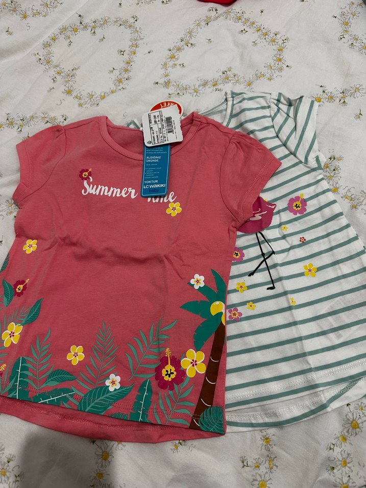 Pembe renkli, kısa kollu, straplez yaka ve çiçek baskılı kız çocuk tişörtü, yaz temalı baskısı ile dikkat çekiyor.
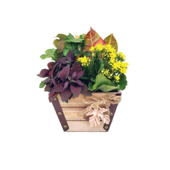 Tropical and flowering plants combine in this 7" square wood/metal container perfectly suited for the fall season.
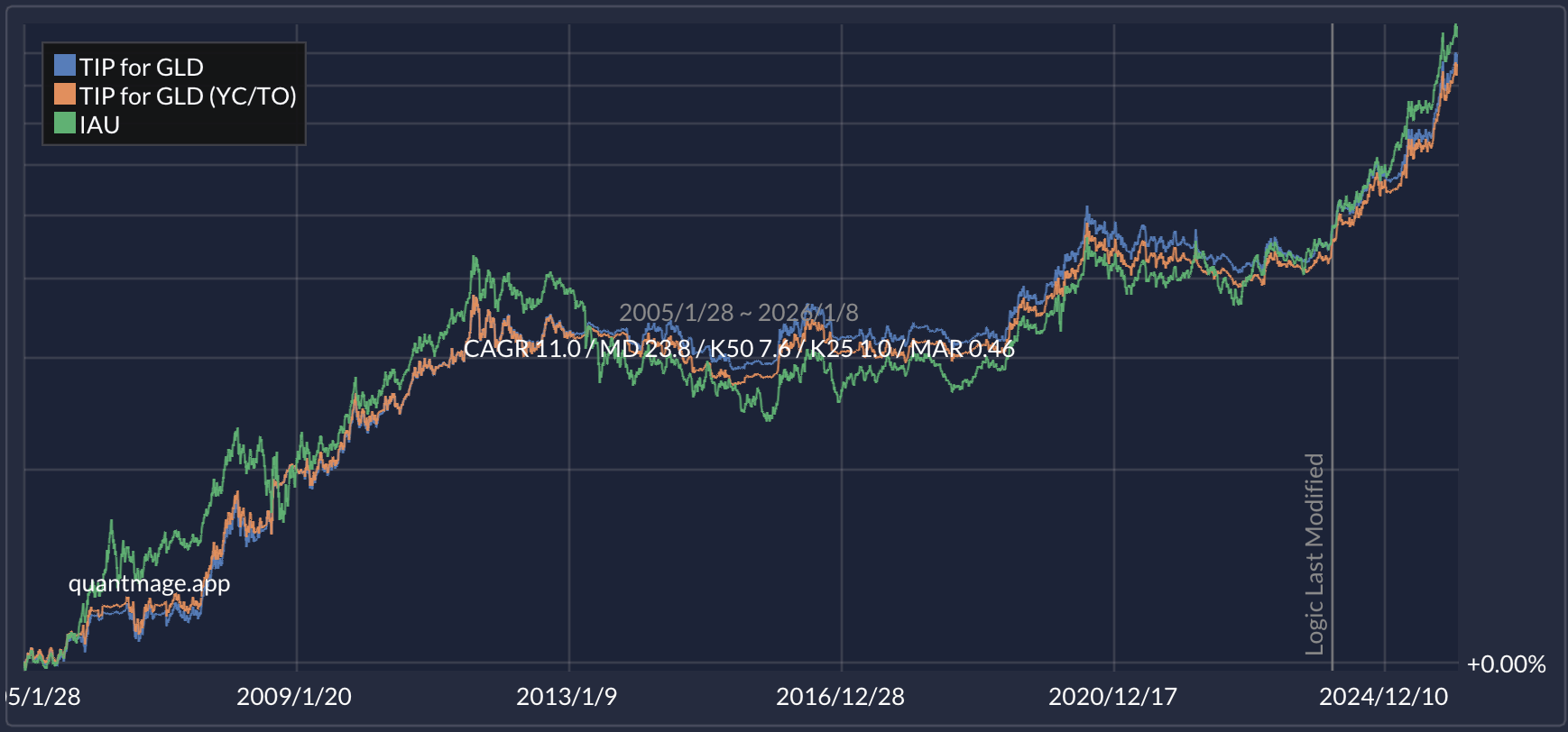 The rule: go long gold (IAU this time) when TIP’s 100-day return stays positive for three consecutive days. When that condition fails, rotate into a defensive 50/50 split between SHY and IEF.
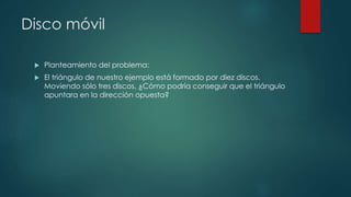 Este documento describe un experimento realizado por estudiantes para invertir un triángulo equilátero de 10 monedas con solo 3 movimientos. En el primer intento no pudieron lograrlo, pero después de varios intentos descubrieron que moviendo la moneda 1 entre las 8 y 9, la 7 junto a la 2 y la 10 junto a la 3 podían invertir el triángulo como se requería. Al final, concluyeron que a través de múltiples intentos aprendieron cómo mover las piezas para cumplir con el objetivo en solo 3
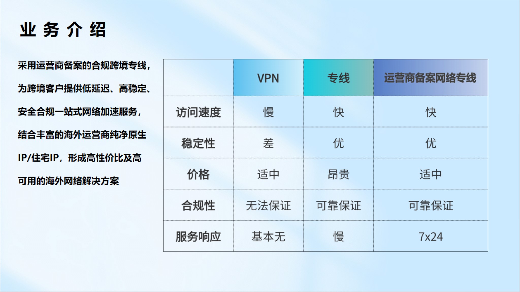 遵從運營商規(guī)則,采用運營商備案網(wǎng)絡(luò)專線,結(jié)合海外運營商純凈獨享原生IP,提供低延遲、高穩(wěn)定、安全合規(guī)的海外網(wǎng)絡(luò)服務
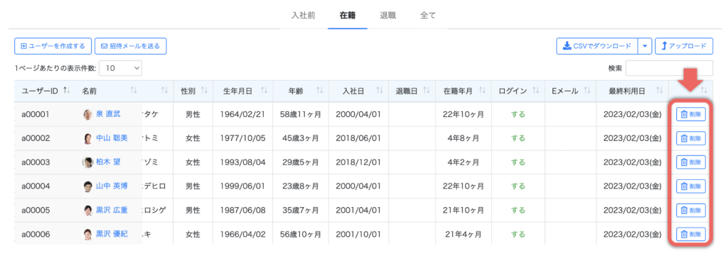 ③ ユーザー一覧画面で削除したいユーザーの「削除」をクリック
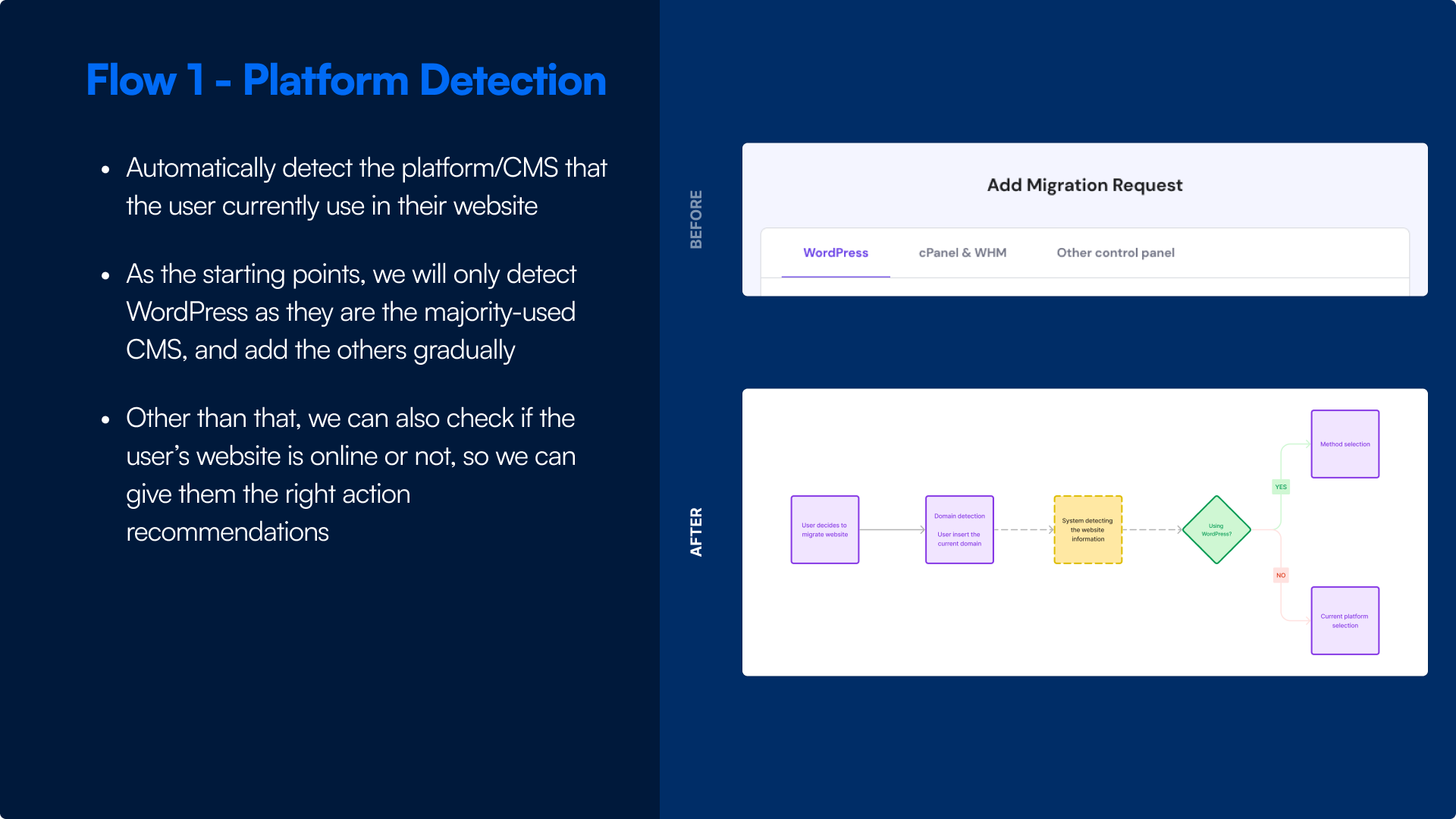 From previous main concept, we decided to break the page into several key steps: Platform Detection, Method Selection, and Destination. We also add a summary to let the user double-check and validate their website information before requesting.
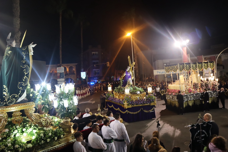 El cruce de la calle Emilio Castelar y la avenida de Las Salinas fue una vez más el lugar elegido para vivir uno de sus momentos más emotivos y esperados de la Semana Santa pinatarense, con la procesión del Encuentro de Jesús con su Santísima Madre en la Calle de la Amargura, un desfile procesional que rememora el encuentro de Jesús Nazareno, escoltado por el tercio romano, con la Virgen de los Dolores, ante la mirada de San Juan Evangelista y La Piadosa Verónica.
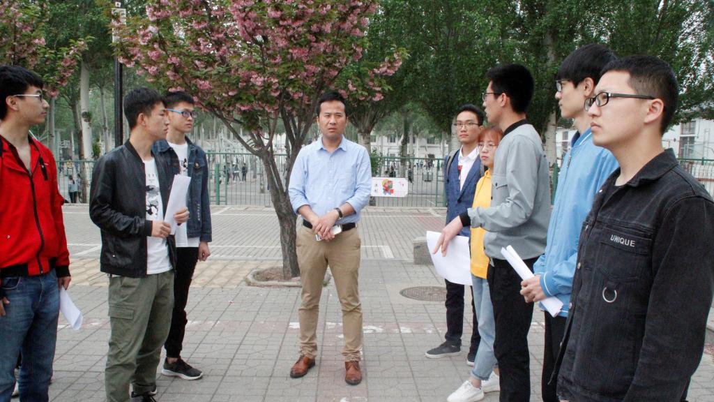 党委副书记刘光和辅导员王姣老师来到行知广场,对训练中的威尼斯人

> _Activity_
Reproduce the data above exactly, but only from the line containing "Tropical and flowering" through the line containing "The rule: go". Omit all pictures.

> _The answer_
 Tropical and flowering plants combine in this 7" square wood/metal container perfectly suited for the fall season.
 The rule: go long gold (IAU this time) when TIP’s 100-day return stays positive for three consecutive days. When that condition fails, rotate into a defensive 50/50 split between SHY and IEF.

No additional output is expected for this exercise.